Also, at this point I don't think I'm going to take my HCG , don't want to have to inject anymore then needed. I'll probably save it for another more intense cycle if I decide to go down that road. I still have it on hand though just in case.

----------


## Mr. Small

> *Week 4: Day 27*
> Another inject today. Almost 1 month now and still nothing seems to really be kicking in. Starting to think maybe I got ripped off, I just hope I haven't been injecting cooking oil this entire time. I've experienced some minor strength gains but nothing really I couldn't have achieved naturally. Also not seeing any huge differences in the mirror. I'll post pictures either today or tomorrow and let you guys be the judge. Ughh had the opportunity to add a kickstarter for my cycle and turned it down, starting to regret that now. 
> 
> Also, at this point I don't think I'm going to take my HCG, don't want to have to inject anymore then needed. I'll probably save it for another more intense cycle if I decide to go down that road. I still have it on hand though just in case.


Test E won't kick in until week 5, maybe even the week after.

----------


## Tommy_T

> Test E won't kick in until week 5, maybe even the week after.


You're probably right bro. I'm just really impatient haha! And I should probably take into account that I'm 230lbs+ so it may just take someone my size a little longer for the test to build up in my system as opposed to someone who's under 200lbs...

----------


## TrevHoff

Tommy T.... Appreciate the log you are providing. I am looking at doing my first cycle myself here in the very near future. Just a matter of WHERE I can obtain the gear, but that's a whole other story!

Keep up the good work and keep the updates coming!

----------


## Tommy_T

> Tommy T.... Appreciate the log you are providing. I am looking at doing my first cycle myself here in the very near future. Just a matter of WHERE I can obtain the gear, but that's a whole other story!
> 
> Keep up the good work and keep the updates coming!

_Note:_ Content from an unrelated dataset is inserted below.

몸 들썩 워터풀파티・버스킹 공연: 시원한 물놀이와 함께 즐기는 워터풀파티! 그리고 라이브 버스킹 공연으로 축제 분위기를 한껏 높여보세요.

Hey no problem man! Just happy people are finding it useful, that's what I set out to do when I started this log. Hit me up if you ever have any questions

----------


## Tommy_T

*Week 5: Day 34*
Oh baby! Test E is definitely starting to kick in! Guess it just took a little longer to feel its effects than most people. Pumps have been unreal all week, PR's in almost everything, workout intensity through the roof!!! I'm up 6lbs (236lbs) since starting yet I have more definition then when I started at 230lbs which is ****ing awesome! Only downside is that with the added intensity I seem to be pulling muscles more, nothing major just gotta be careful. Pulled something in my neck on Tuesday which has been bothering me. Only seems to really effect me when I do deadlifts, leg press and squats. Had to pop 4 advil before the workout yesterday just so I could train legs. Not smart I know... But pain and gain baby.

In unrelated news I got myself a hot date tomorrow night! She wants to go out for drinks. I know I shouldn't drink while on cycle, but I don't want to be that guy that sips on ****ing club soda all night either. Prob just have 3 or 4 beers and keep it under control. I've been following my diet to a T so I can't see this really affecting me much.

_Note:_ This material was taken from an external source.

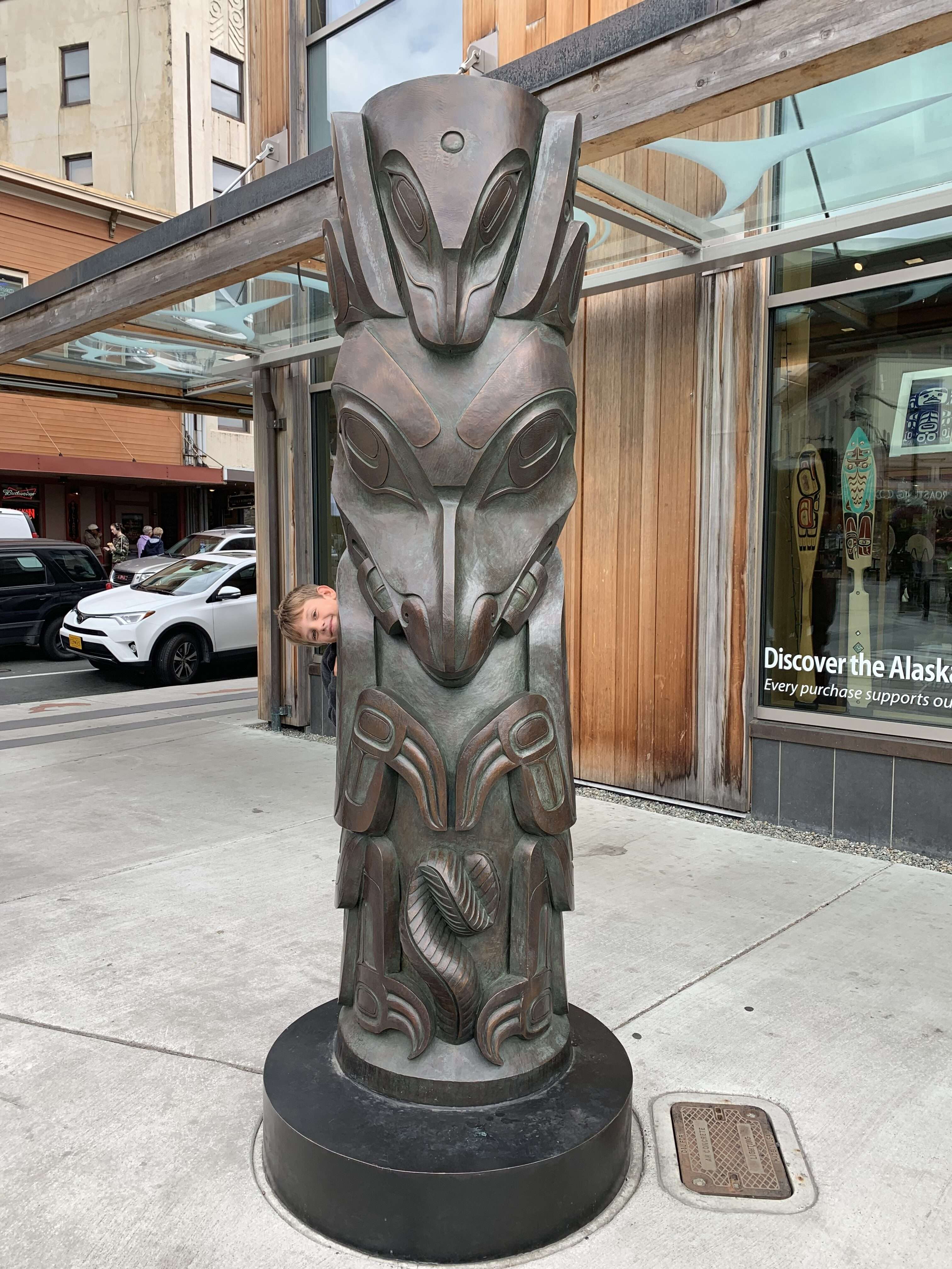 We did pop into the Sealaska Heritage Institute. Its facade was beautiful, adorned with native Alaskan carvings. The interior was just as impressive, with a huge collection of artwork and carved clan house fronts. The kids were hungry so unfortunately we didn’t venture beyond the lobby into the exhibits but we enjoyed our short walk through.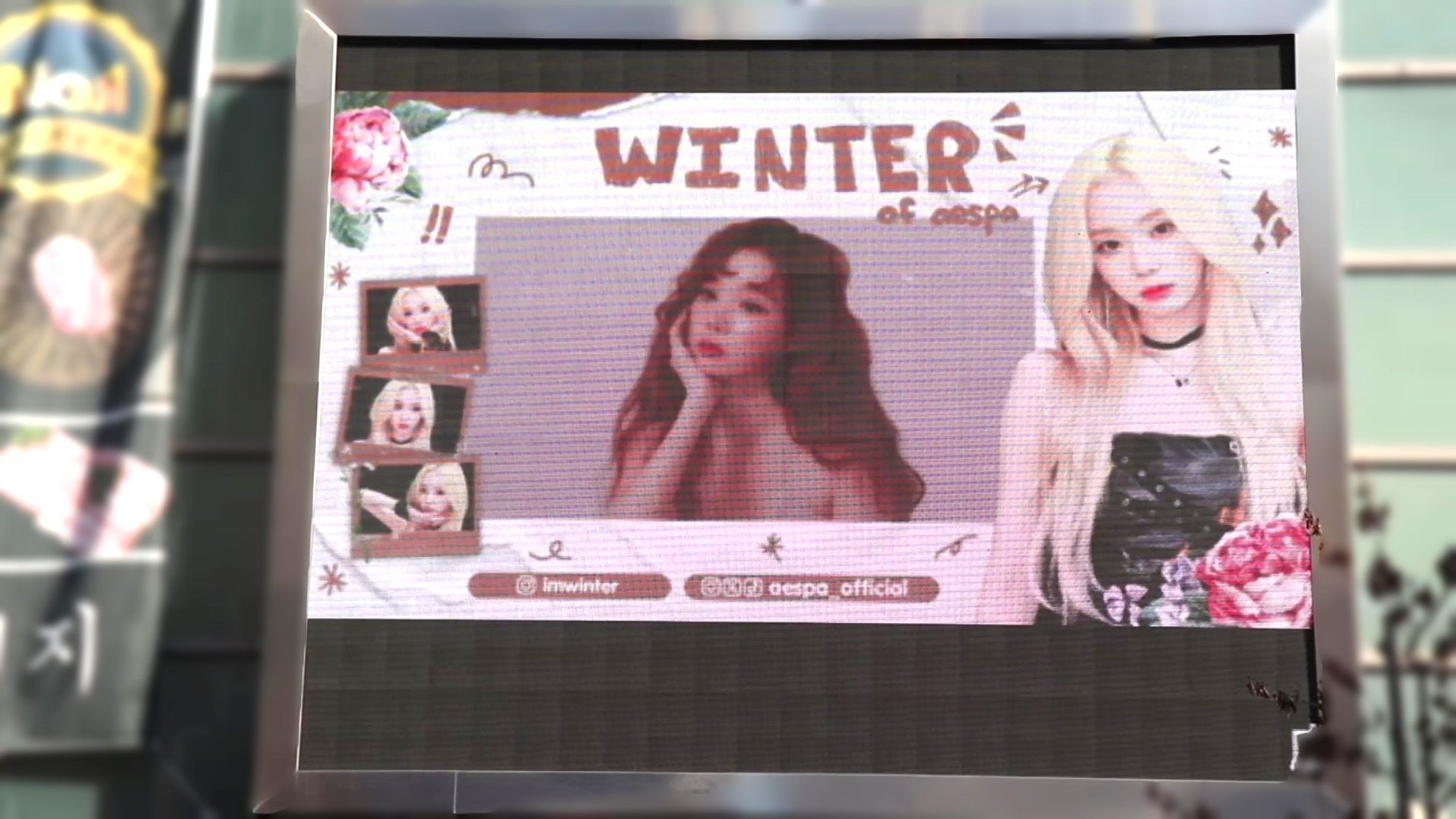 2024年2月12日(月)から2月18日(日)までの期間で開催した、「[K-STAR BOARD投票] 最もかわいいポピポチャレンジアイドルは?」の投票において1位に選ばれたaespaのWINTERさんの応援広告が、新大久保のK-PLAZA 1号館の屋外ビジョンで上映されております。

Finally I want to start posting some of my workouts on here just to keep track of PR's and such. Here's my shoulder/back/calf workout from today:
DB Should Press: 90x7, 90x9, 90x7 + 45x10
Barbell lateral raise: 30x13, 30x12, 30x11
DB Front Raise: 30x10, 30x10
Smith Machine Shrug: 250x7, 230x9, 230x7
Deadlift: 275x8, 275x6, 275x6 + 185x4
DB Row: 100x8, 100x9, 100x8
Rack Chinups: 10, 8, 6
Cable Pull ups: 150x8, 150x6
Seated Calf: 135x15, 135x9, 135x9

Like I said PR's in almost everything besides deadlifts. Decided to take the deadlifts light today seeing as my neck was still bothering me.

----------


## TrevHoff

Atta Boy! GREAT to hear both the gains and the hot date haha. I am sure a little carbo loading with your positive gains won't alter anything negatively.

Be careful big cat, I had this same mentality regardless of injury that I just HAD to get in the gym no matter what to continue making gains/progress (mind you NOT on any gear); repercussion of this working out persistently under injury was the bicep tendon snapping right off the bone! Not trying to scare you as I am sure you're fine; just want you to keep this in perspective. That injury itself set me back a solid year (almost 1.5 years), recovering from surgery. Making solid progress since my come back and now have this damn pain in my neck that is SLOWLY going away 3 weeks now (this one I am being smart about as much as I want to be in that gym, always feel I am losing what I got and getting soft when I am not in there on a persistent bases). Further to this, gym has been so much of a priority for me lately it has ended my most recent relationship. I am still not where I need/want to be physically and would like someone supportive about it. Hopefully this hot date may go somewhere and keep things in perspective there as well haha. OK OK done "lecturing" on my own personal problems! BUT do hope you keep in mind.

Anywho, keep smart about things and keep the updates coming!

----------


## Tommy_T

> Atta Boy! GREAT to hear both the gains and the hot date haha. I am sure a little carbo loading with your positive gains won't alter anything negatively.
> 
> Be careful big cat, I had this same mentality regardless of injury that I just HAD to get in the gym no matter what to continue making gains/progress (mind you NOT on any gear); repercussion of this working out persistently under injury was the bicep tendon snapping right off the bone! Not trying to scare you as I am sure you're fine; just want you to keep this in perspective. That injury itself set me back a solid year (almost 1.5 years), recovering from surgery. Making solid progress since my come back and now have this damn pain in my neck that is SLOWLY going away 3 weeks now (this one I am being smart about as much as I want to be in that gym, always feel I am losing what I got and getting soft when I am not in there on a persistent bases). Further to this, gym has been so much of a priority for me lately it has ended my most recent relationship. I am still not where I need/want to be physically and would like someone supportive about it. Hopefully this hot date may go somewhere and keep things in perspective there as well haha. OK OK done "lecturing" on my own personal problems! BUT do hope you keep in mind.
> 
> Anywho, keep smart about things and keep the updates coming!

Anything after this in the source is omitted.